Team members from Sisu Global Health first witnessed the “soup ladle” method at a hospital in Ghana - a very unsterile and unsafe method for blood autotransfusion. Autotransfusion, a standard practice in the United States, recycles a person’s own blood in cases of significant blood loss. Autotransfusion can also aid in cases of large internal bleeds where donor blood is scarce. Autotransfusion technology is too costly for many low-income countries and lack of access to blood is a major contributor to unnecessary maternal deaths in the developing world.
“Right now, across parts of Sub-Saharan Africa, people are literally using a kitchen soup ladle and cheese cloth to salvage blood,” says Carolyn Yarina of Sisu Global Health.1 The team was struck by this “soup ladle” method as they watched the process in Ghana and saw how the doctor opened the woman’s abdomen, scooped out blood using a ladle, filtered it through gauze and poured into a pre-cut blood bag to reinfuse to the patient. This unsanitary method greatly increases risk of blood contamination and clinician health.

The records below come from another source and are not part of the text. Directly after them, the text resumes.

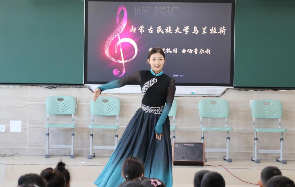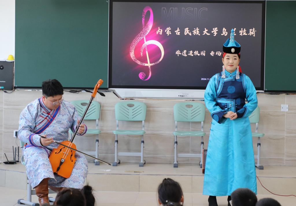 2024年11月21日,为了弘扬和传承非物质文化遗产,让青少年学生近距离感受非遗文化的独特魅力,内蒙古民族大学乌兰牧骑今日走进了通辽市第四中学富力校区小学部,为师生们带来了一场精彩纷呈的文化盛宴。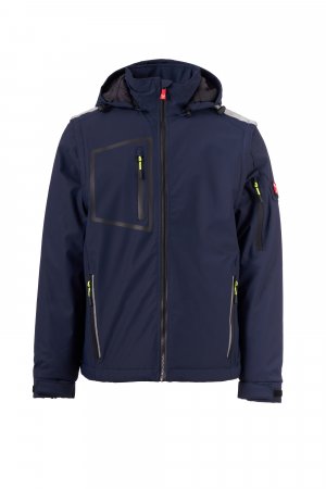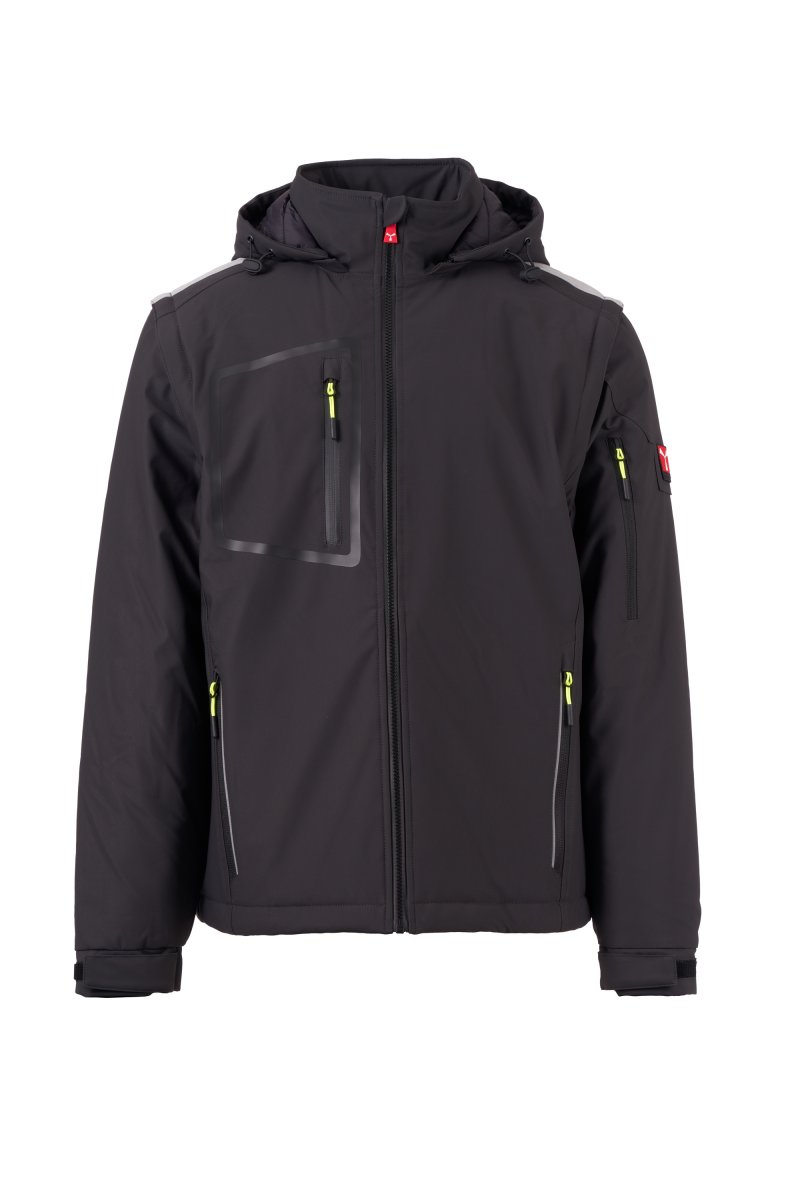 WP 8000 mm H₂O, WVT 5000 g/m² 24h. Men's 3-layer soft-shell with medium padding (140g/m²), detachable sleeves, SBS zip closure with "semi-auto lock" metal slider and customised pull. Removable hood with adjustable drawstring. Retroreflective stripes on shoulders, lower back and back of the hood. Elasticated cuffs, adjustable with hook-and-loop fastener and inner sleeve. Heat-sealed chest pocket, closed with coated zip. Two side pockets, closed with a zip with retroreflective detail. Left arm pocket with integrated pen holder, closed with a zip. Fluorescent pulls. Two internal pockets: one shaped zip pocket on the right chest and one tablet holder with hook-and-loop fastener on the left. Adjustable bottom with customised stoppers.
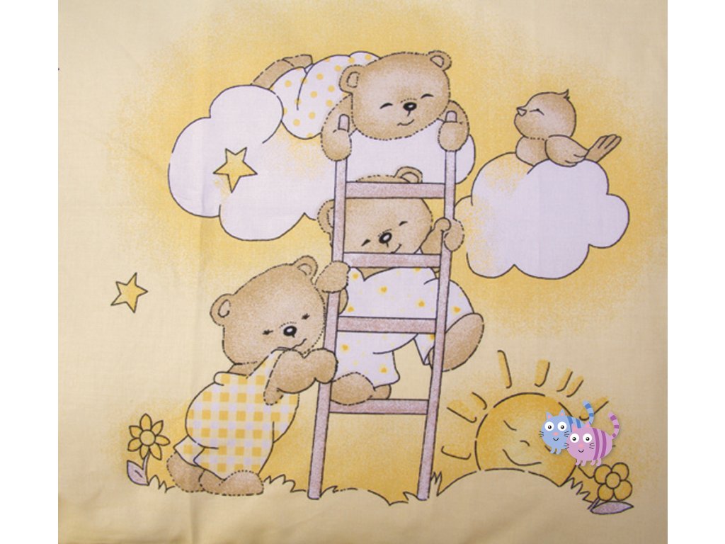 Souprava obsahuje: povlečení na peřinku 120 x 90 cm, povlečení na polštář 60 x 40 cm a ochranný límec okolo 2/3 postýlky.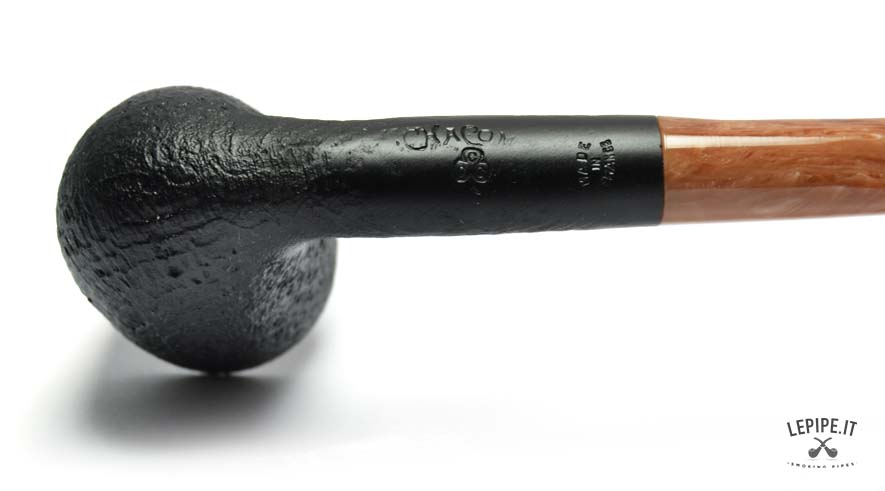 Questa Chacom Clover Bent Dublin presenta una silhouette curva e slanciata, con un fornello conico tipico della shape Dublin che si amplia delicatamente verso l’alto, offrendo una presa comoda e una presenza elegante. La finitura sabbiata nera valorizza la texture della radica, creando un piacevole contrasto con il bordo superiore liscio e con il bocchino in ebanite. Con un diametro interno di 19 mm e un diametro esterno di 36 mm, questa pipa offre una camera equilibrata per una fumata regolare. Il peso di 35 grammi assicura leggerezza e maneggevolezza, rendendola adatta a un uso quotidiano senza affaticamento.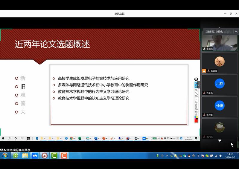 2020年6月5日下午,伟德国际1946源于英国邀请盐城师范学院张德成副教授给教育技术学专业师生开展“教育技术的毕业论文选题遴选”专题讲座。讲座由学院教学副院长张居晓副教授主持,2017级教育技术学专业毕业论文指导老师及学生代表聆听了讲座。
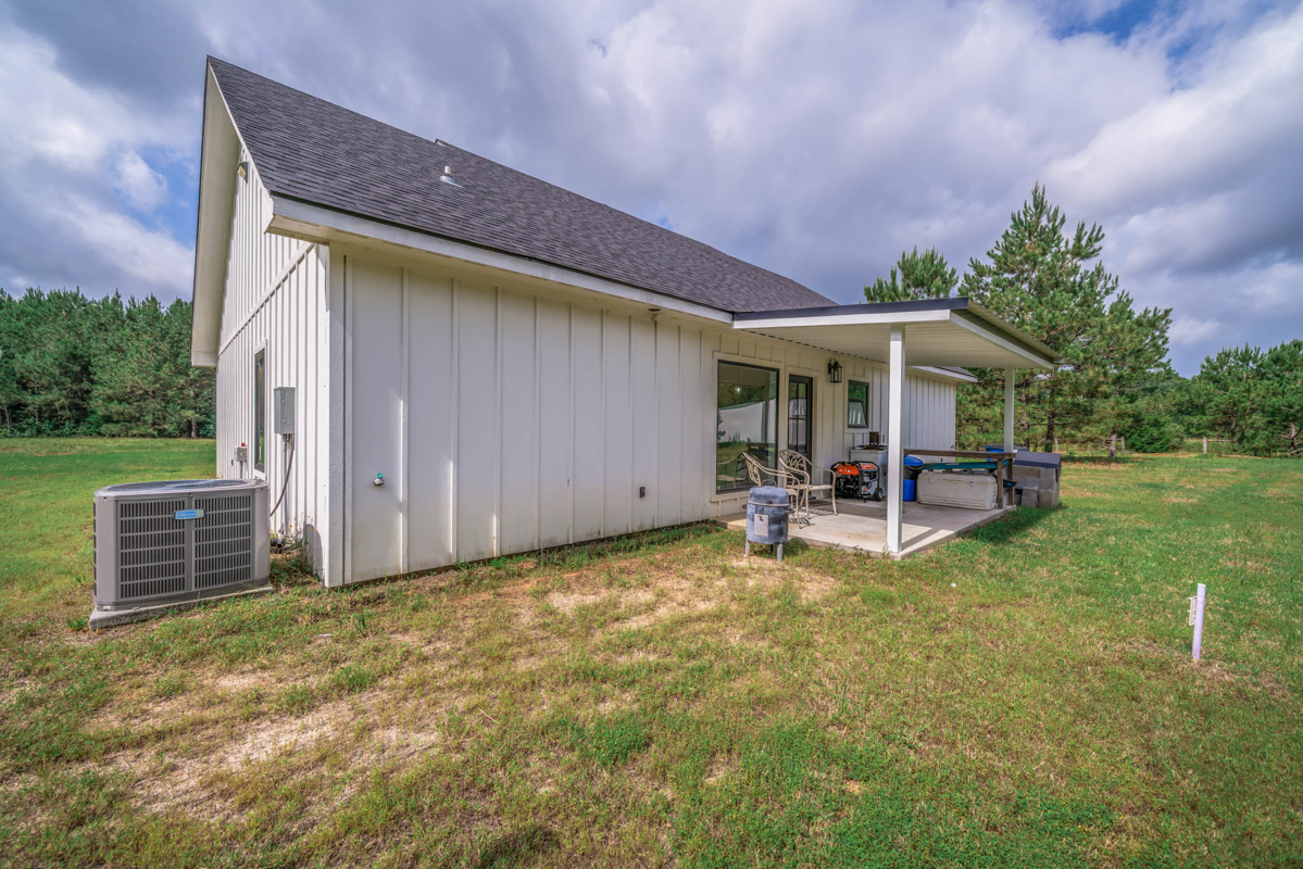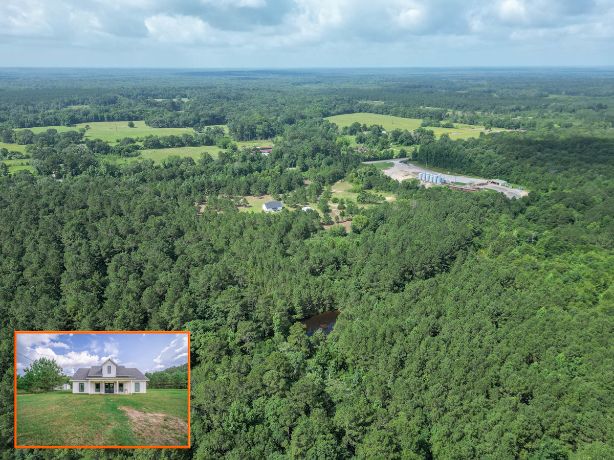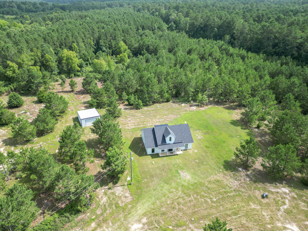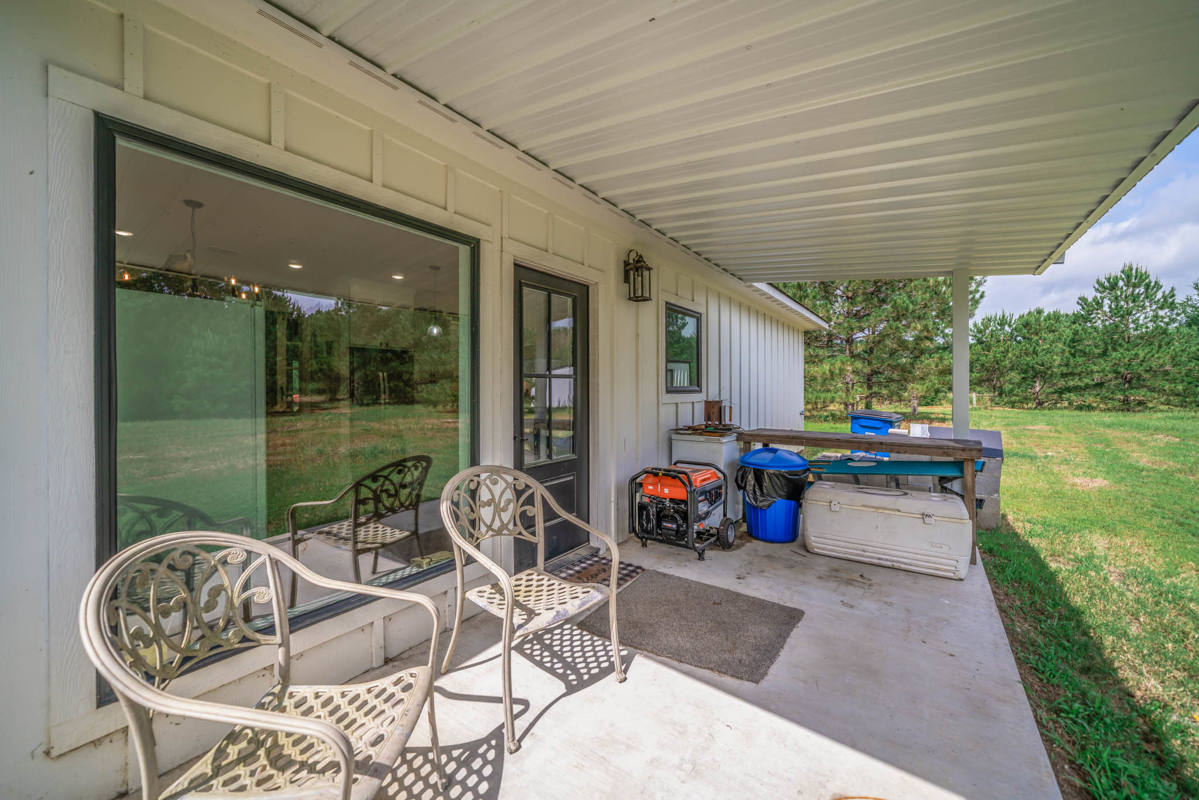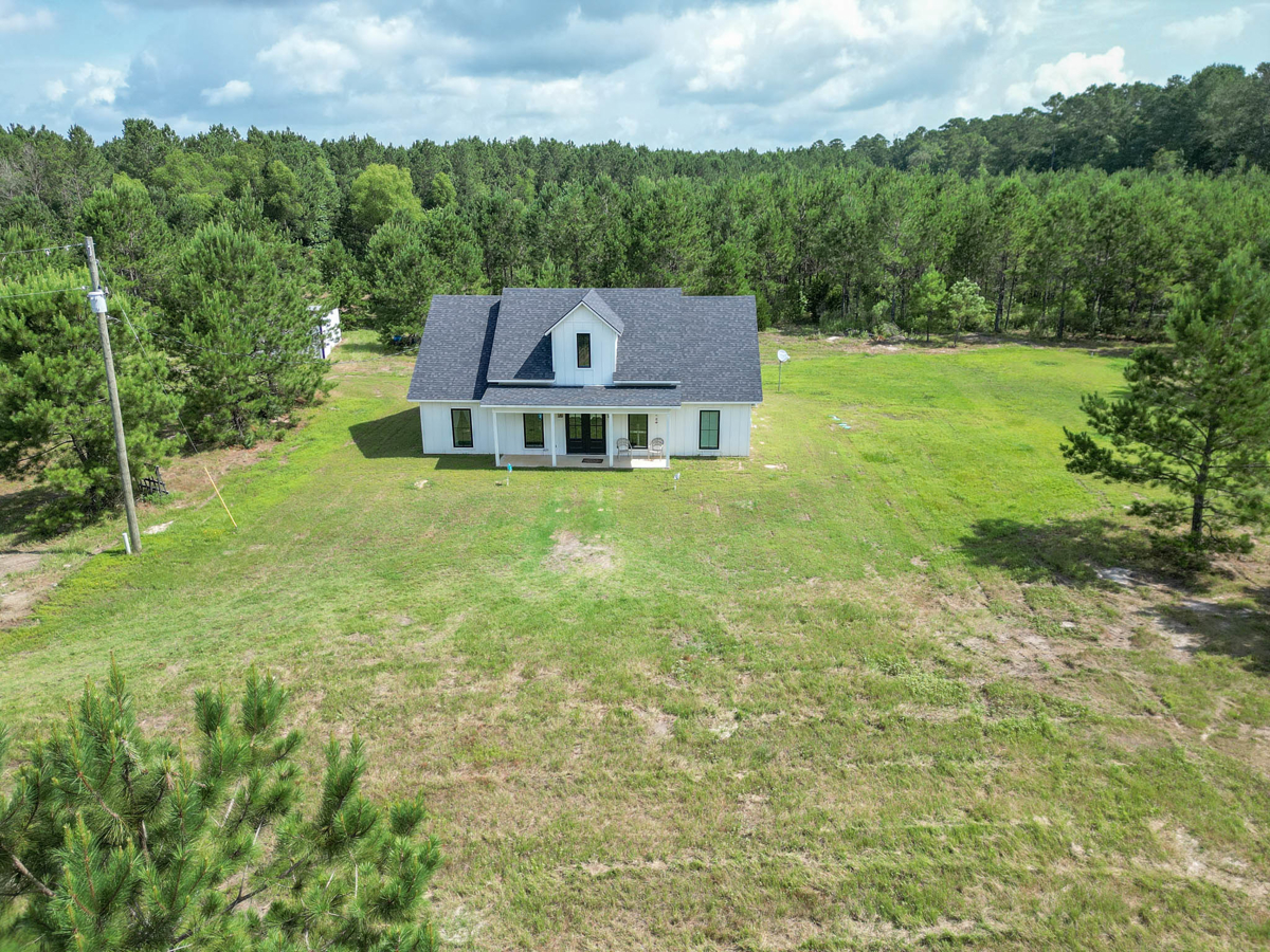 Welcome to 7761 FM 31 S, Carthage, Texas, a stunning 3 bedroom, 2 bathroom farmhouse-style home on 60+/- picturesque acres in Carthage ISD. Built in 2021, this property seamlessly combines modern comforts with rustic charm. This beautiful home showcases modern farmhouse charm with a clean, crisp white exterior and a dark roof. The inviting front porch features double black doors flanked by large windows, creating a bright and welcoming entrance.

Sisu Global Health, the women-led small business located in Baltimore, Maryland, wanted to come up with an accessible and safer solution to use in place of donor blood and the “soup ladle” method. They decided to design an innovation to treat ruptured ectopic pregnancies, occurring when the fertilized egg is situated outside of the uterus. As the egg grows, there is a high chance that it will burst through the local vessels and cause a massive, life-threatening bleed. They designed a simple device, known as Hemafuse, to salvage and recycle a woman’s own blood during internal bleeding. The device is an affordable, handheld tool that is designed to be a faster and safer alternative to the “soup ladle” method. The device functions like a syringe and when the handle is pulled up, blood is pulled through a filter. The special design of the filter removes blood clots and other impurities. When the handle is pushed down, the blood is then pushed through tubing into a blood bag. The blood bag is then connected to the patient to be re-transfused.2
The Sisu team applied to Saving Lives at Birth in 20 14 and won a grant for a feasibility study in Ethiopia. The study showed that the Hemafuse is a safe device for collecting and reusing blood. Katie notes that Saving Lives at Birth and its partners have been crucial in validating the work they are doing and offering a supportive network to the company. “Receiving the Saving Lives at Birth award was the first time that the Hemafuse was seen as something valuable to the outside world,” Katie says. The company also received support from groups like VentureWell, a private company that works with innovators to help bring ideas to market, and leveraged $1.2 million dollars of additional funding to help further develop the Hemafuse. Thanks to Saving Lives at Birth, Sisu has reconnected with VentureWell. Sisu has applied for another Saving Lives at Birth grant and is expanding use of the Hemafuse into Ghana and Kenya.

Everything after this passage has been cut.